STUDY MATERIAL:

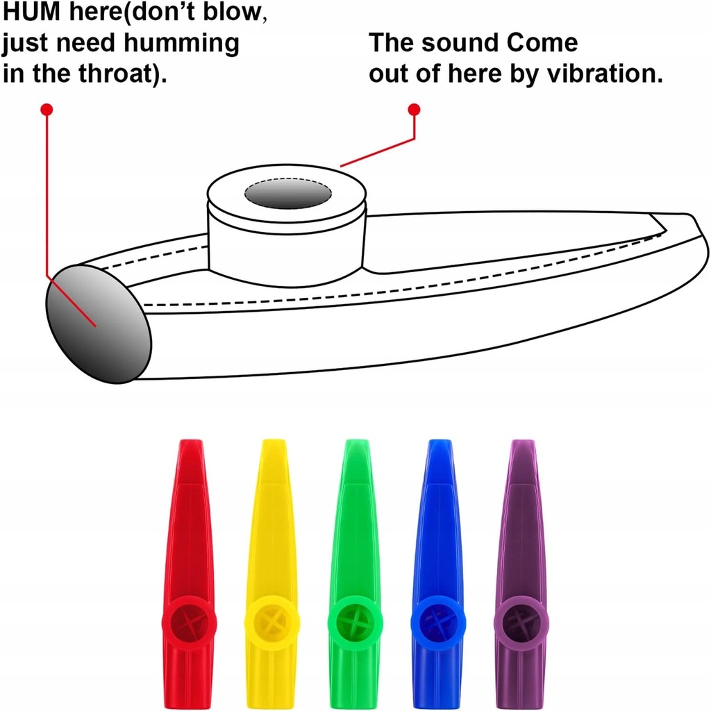 Materiał wysokiej jakości: plastikowe kazoo są wykonane z wysokiej jakości tworzywa sztucznego, niełatwe do złamania, nietoksyczne i trwałe, krawędzie zostały wypolerowane, prosty instrument muzyczny, ale zapewnia mnóstwo zabawy
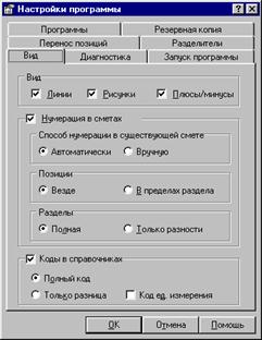 Окно позволяет установить такие настройки работы программы, как демонстрируемые сообщения, применяемые способы демонстрации справочников и смет, применяемые разделители и т.п.
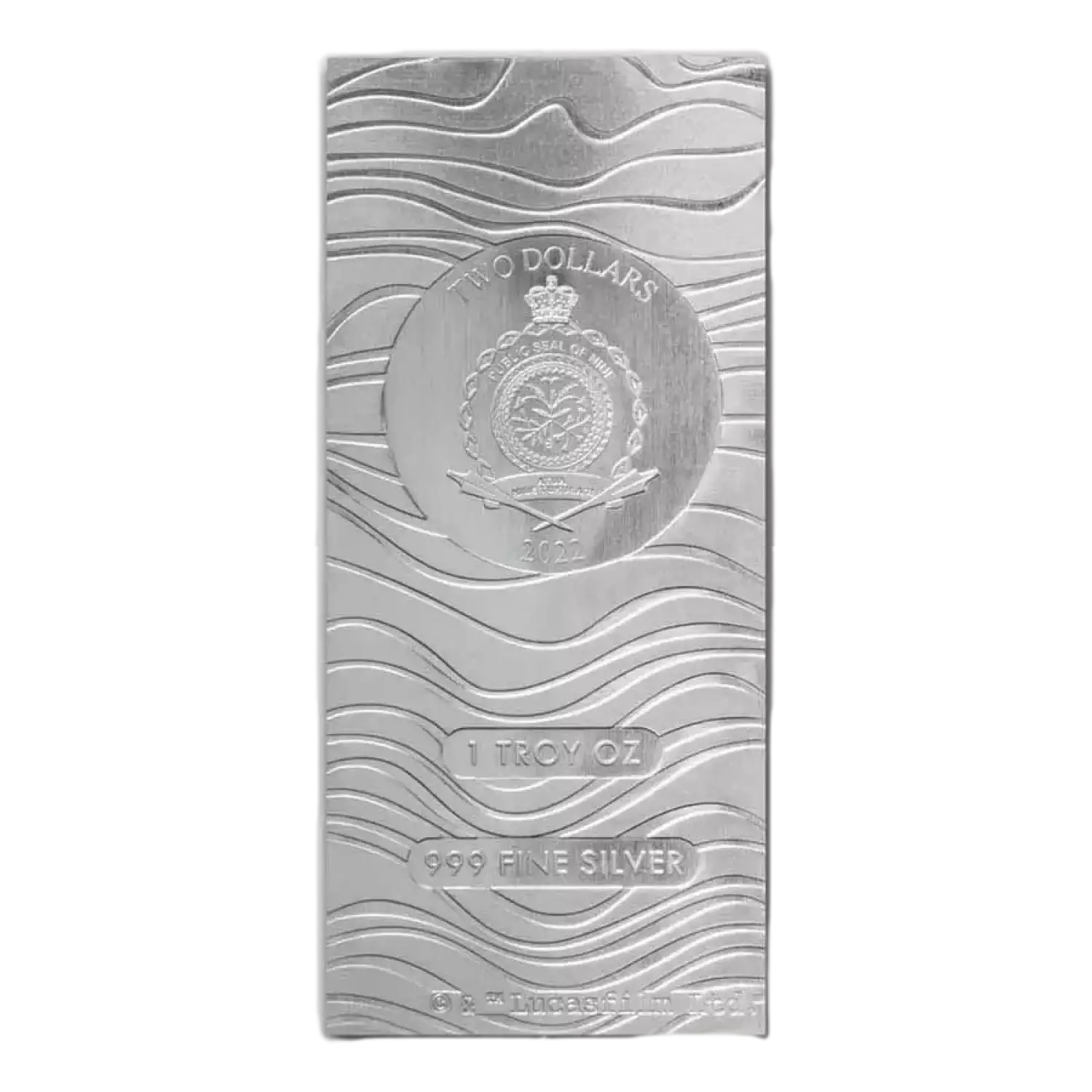 Be a real-life investor in Beskar Bar bullion with the most treasured Precious Metal bars in the entire Galaxy! Whether you are a fan of Star Wars: The Mandalorian, a collector of unique coins or a Silver investor, this is the Silver product for you. Add this 2022 1 oz Silver Star Wars: Mandalorian Beskar Bar coin to your cart today!
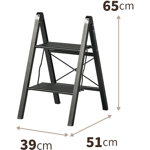●最大使用質量(kg):100●天板高さ(m):0.65●天板寸法(mm):300×181●段数(段):2●踏ざん踏面幅(mm):181●収納時寸法(mm)全長:700●収納時寸法(mm)幅:390●収納時寸法(mm)厚さ:50●色:ブラック●本体サイズ(mm):390×510×650●SGマーク:認定
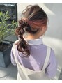 ピンクのインナーカラー×ぽこぽこarrangeおろして耳掛けしたらさりげなくちらっとしばったら、ポイントとしてしっかりみえてくれるインナーカラーのデザインです(o^^o)
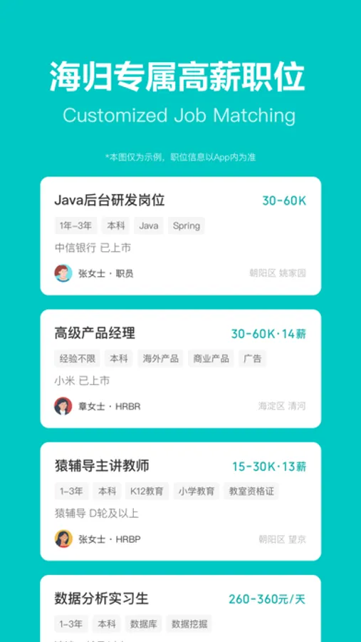 发现海归专区,定制回国求职信息,推荐海归专属职位,做自信的海归牛人。海量高薪职位,等你来撩!不等待,不犹豫,下载后直接开聊。
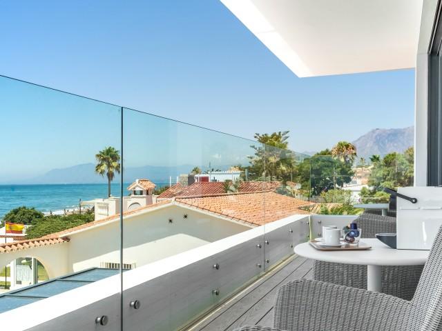 Cette propriété spectaculaire en première ligne est située sur la plage de Costa Bella, entourée de sable doré et de dunes naturelles. L´emplacement, située à l´est de Marbella, est proche de toutes les installations et à une courte distance du centre de Marbella et de l´aéroport de Malaga. La propriété a été récemment construite selon les normes les plus élevées, conçues par le célèbre architecte Jose Carlos Moya de Marbella, se distinguant par sa sophistication moderne et son élégance simple. Orientée sud ouest, la propriété bénéficie de superbes vues sur la mer et de magnifiques couchers de soleil. L´utilisation du bois, du verre, de la pierre et du béton a créé une maison familiale exceptionnelle. La propriété comprend un système de maison intelligente et toute la technologie moderne, y compris l´eau chaude solaire et chauffage au sol, système de récupération de chaleur, pompes à chaleur à haute efficacité, climatisation VR et contrôle automatisé de chaque pièce, sonorisation sans fil Sonos. Le design intérieur ne comprend que des matériaux de première qualité, des portes et fenêtres en aluminium de première qualité, du marbre de première qualité, des armoires en chêne, des planchers en chêne naturel dans toute la maison, du carrelages de qualité supérieure, un éclairage LED. Au rez de chaussée: La porte d´entrée s´ouvre sur le hall d´entrée spacieux double hauteur, menant à un vaste salon avec salle à manger et grande cuisine ouverte, entièrement équipée avec les derniers appareils modernes. Du côté de la plage, de la cuisine et du salon, de grandes portes coulissantes avec des stores électriques s´ouvrent sur une terrasse et la piscine chauffée. Un chemin vous mène à travers les dunes de sable directement à la plage. La dune privée magnifiquement aménagée offre une intimité totale aux espaces de détente et de restauration sur la terrasse. Au niveau de l´entrée il y a aussi une chambre d´amis avec dressing, et une salle de bain avec douche, WC et lavabo. Premier étage: À l´étage, , il y a la chambre principale, avec deux ensembles de penderies, et salle de bains principale avec douche, double vasque large, toilettes, et l´accès à la terrasse. Il y a deux autres chambres et une salle de bain partagée avec douche, WC et lavabo. Chacune de ces chambres a un accès direct à la terrasse face à la mer et offre une vue imprenable sur la plage. Solarium: Sur le toit, il y a une fabuleuse terrasse ouverte avec des équipements de fitness, une pergola et un jacuzzi, et, bien sûr, de superbes vues à 360 degrés. Sous-sol: Au niveau inférieur, il y a deux autres chambres doubles avec lumière naturelle, placards, une salle de bains avec lavabo, douche et WC. Le niveau inférieur dispose également d´un SPA avec bain à remous, bain à vapeur, sauna et douches; salles de stockage et buanderie. Chaque étage est desservi par l´ascenseur et l´escalier en chêne avec des balustrades en verre.
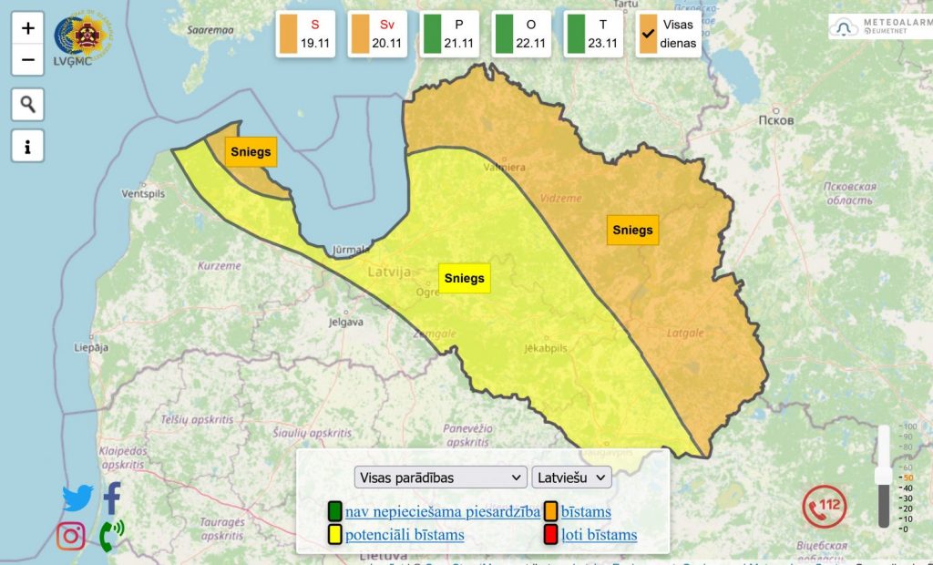 Kā liecina Latvijas vides, ģeoloģijas un meteoroloģijas centrs, naktī no 19. un 20. novembri Latvijā gaidāma stipra snigšana. Un karte liecina, ka sniega sega ievērojami varētu palielināties arī Tukuma novada jūras piekrastē.
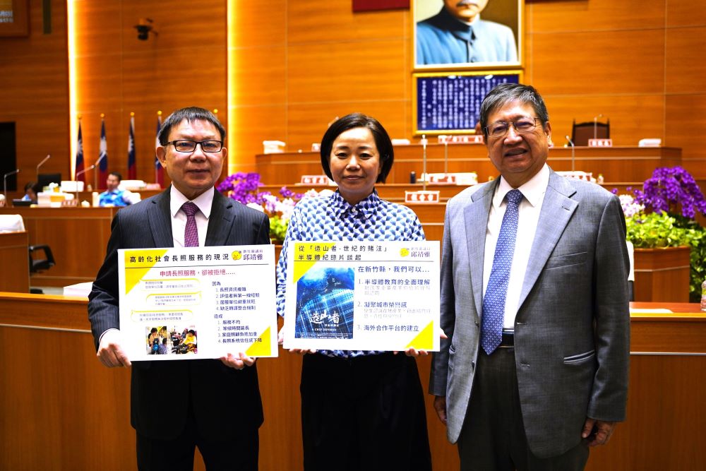 【記者彭慧婉/新竹報導】新竹縣議會舉辦第20屆第5次定期會,今(3)日由新竹縣議員邱靖雅總質詢,她聚焦世界壯年運動會延伸的運動議題、高齡化社會的長期照顧議題、紀錄片「造山者-世紀的賭注」延伸的科技教育議題,同時也關心地方產業與教育、統籌分配款及一般性補助款等,新竹縣長楊文科及相關局處也一一回應。
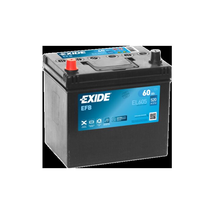 EXIDE EFB EL605 STARTBATTERI 12V 60AH (230x173x222mm) Polstilling 4 - Plusspol til venstre
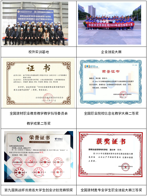 教學(xué)團隊為省級教學(xué)團隊。專職教師21人,其中教授3人、副教授8人,博士1人、碩士13人,“雙師型”教師20人,云南建材職業(yè)教育教學(xué)指導(dǎo)委員主任委員、副主任委員3人。團隊成員主持完成國家教學(xué)資源庫建筑材料工程技術(shù)專業(yè)子項目建設(shè)1項,國家專業(yè)教學(xué)標(biāo)準(zhǔn)3項,省級精品課程3門。教師獲全國教師信息化教學(xué)大賽二等獎1項,全國教師教學(xué)能力大賽三等獎1項。
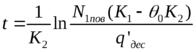 При расчетах по уравнению (48) следует иметь и виду, что значения не могут превышать его величину при t , определенную по соотношениям (37), (41) или (42). Так как отношение K1/K2 = , то уравнение (27-48) можно записать в виде:
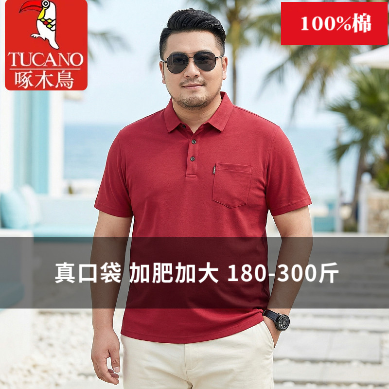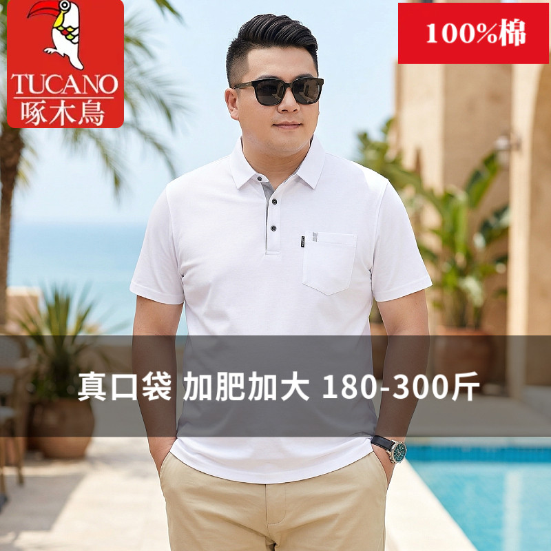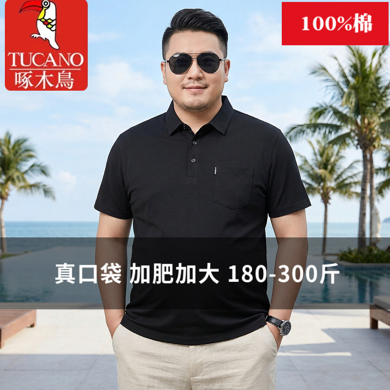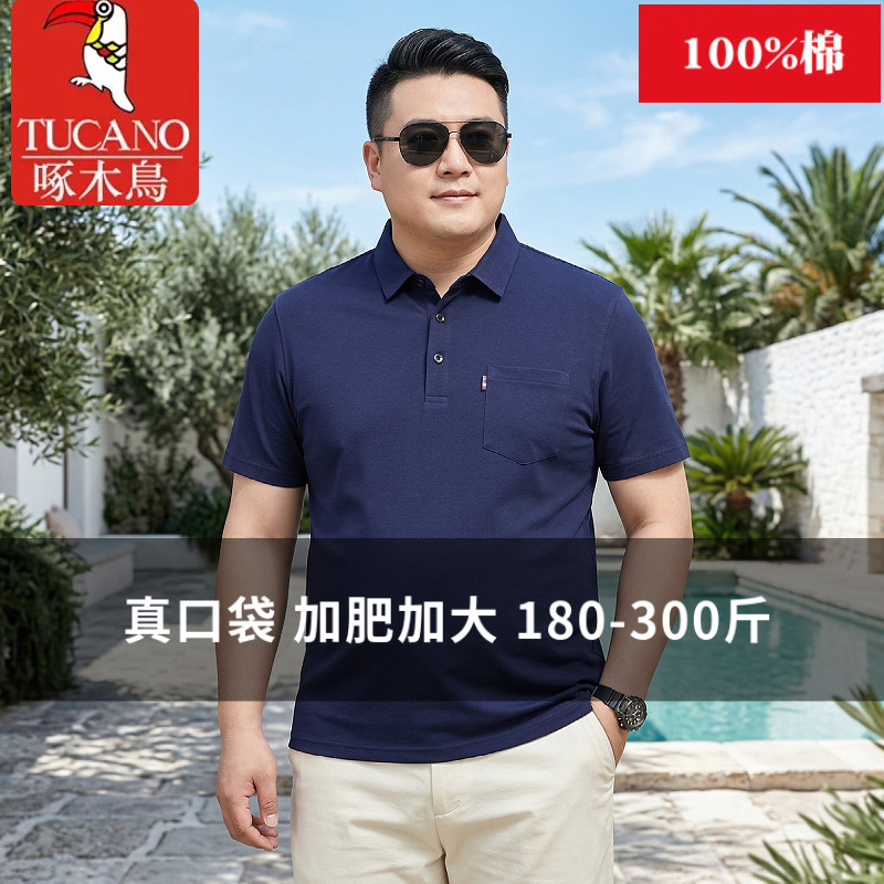 📚 啄木鸟短袖POLO衫男款宽松大码中年爸爸装加肥加大胖子T恤真口袋

ASSIGNMENT: Your reply should consist solely of the lines above, from the opening line through the line with "Окно позволяет установить", reproduced exactly and without pictures.

OUTPUT BELOW:
 Materiał wysokiej jakości: plastikowe kazoo są wykonane z wysokiej jakości tworzywa sztucznego, niełatwe do złamania, nietoksyczne i trwałe, krawędzie zostały wypolerowane, prosty instrument muzyczny, ale zapewnia mnóstwo zabawy
 Окно позволяет установить такие настройки работы программы, как демонстрируемые сообщения, применяемые способы демонстрации справочников и смет, применяемые разделители и т.п.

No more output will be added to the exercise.